- **Work instruction**: Retype, word for word, the line holding "みさき小学校で「もし世界が4" and each line after it down to the end of the data; pictures are not copied.

- **Data provided**:
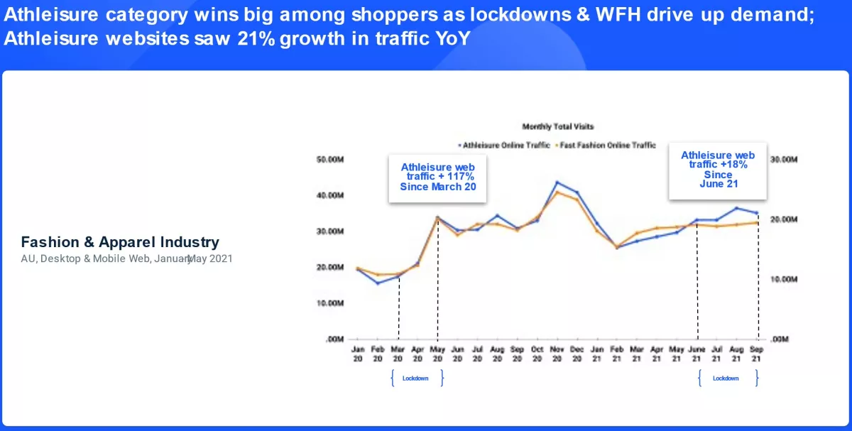 Similarweb also found that in the fashion and apparel sector, athleisure gear is becoming hugely popular. The athleisure category rapidly grew 117% during Australia's first lockdowns and 18% during Australia's second lockdowns driven by people working from home and prioritising comfort.
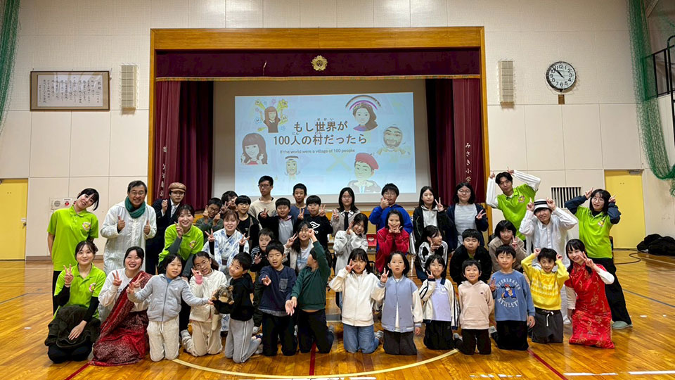 みさき小学校で「もし世界が40人の村だったら」のワークショップを実施し、英語を学ぶ意味や世界の多様性について考えてもらうため、低学年にも理解しやすい言葉やふりがな付きのスライドを活用しました。児童たちは話を聞く姿勢と活動の切り替えがとても上手で、私たちも楽しく進められました。
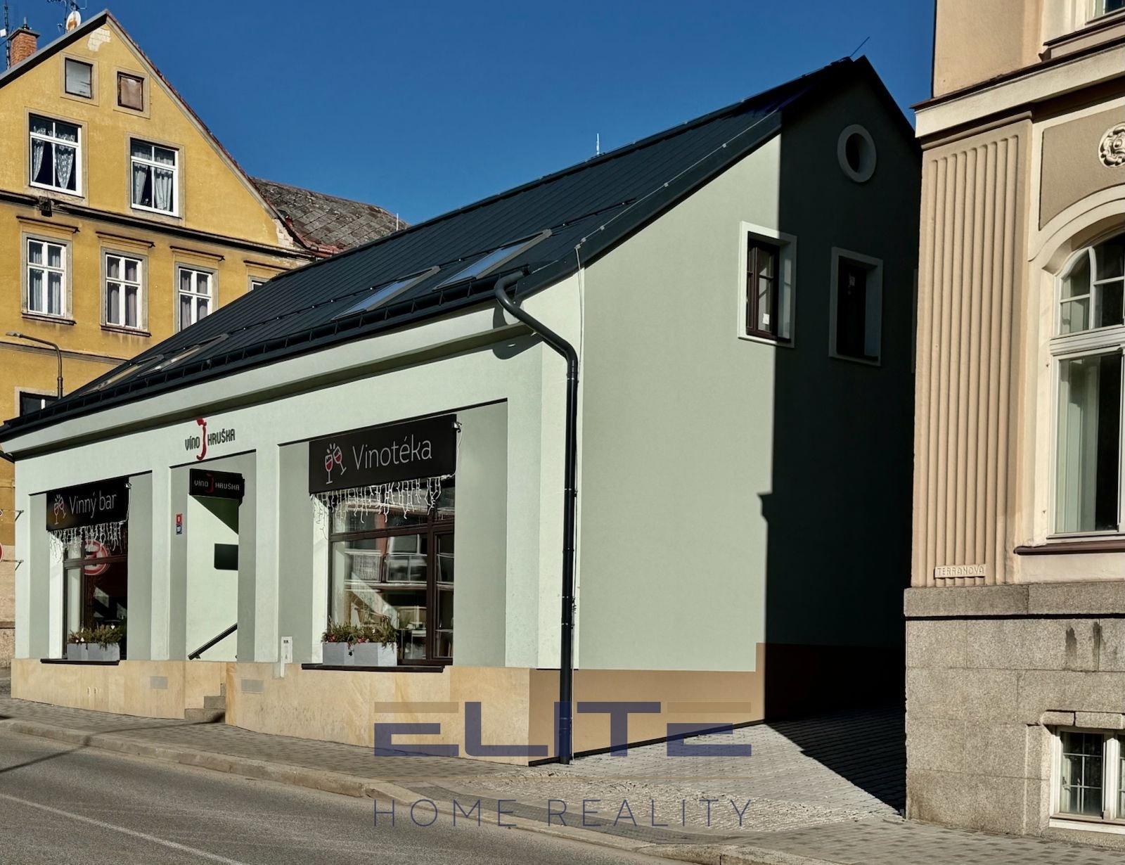 V přízemí domu se nachází designová, velmi příjemná a moderní vinotéka Víno Hruška, jejíž vytříbený styl se promítá i do interiéru samotného bytu. V patře jsou 2 byty zrcadlově proti sobě na pronájem.

- **Response to this exercise**:
 みさき小学校で「もし世界が40人の村だったら」のワークショップを実施し、英語を学ぶ意味や世界の多様性について考えてもらうため、低学年にも理解しやすい言葉やふりがな付きのスライドを活用しました。児童たちは話を聞く姿勢と活動の切り替えがとても上手で、私たちも楽しく進められました。
 V přízemí domu se nachází designová, velmi příjemná a moderní vinotéka Víno Hruška, jejíž vytříbený styl se promítá i do interiéru samotného bytu. V patře jsou 2 byty zrcadlově proti sobě na pronájem.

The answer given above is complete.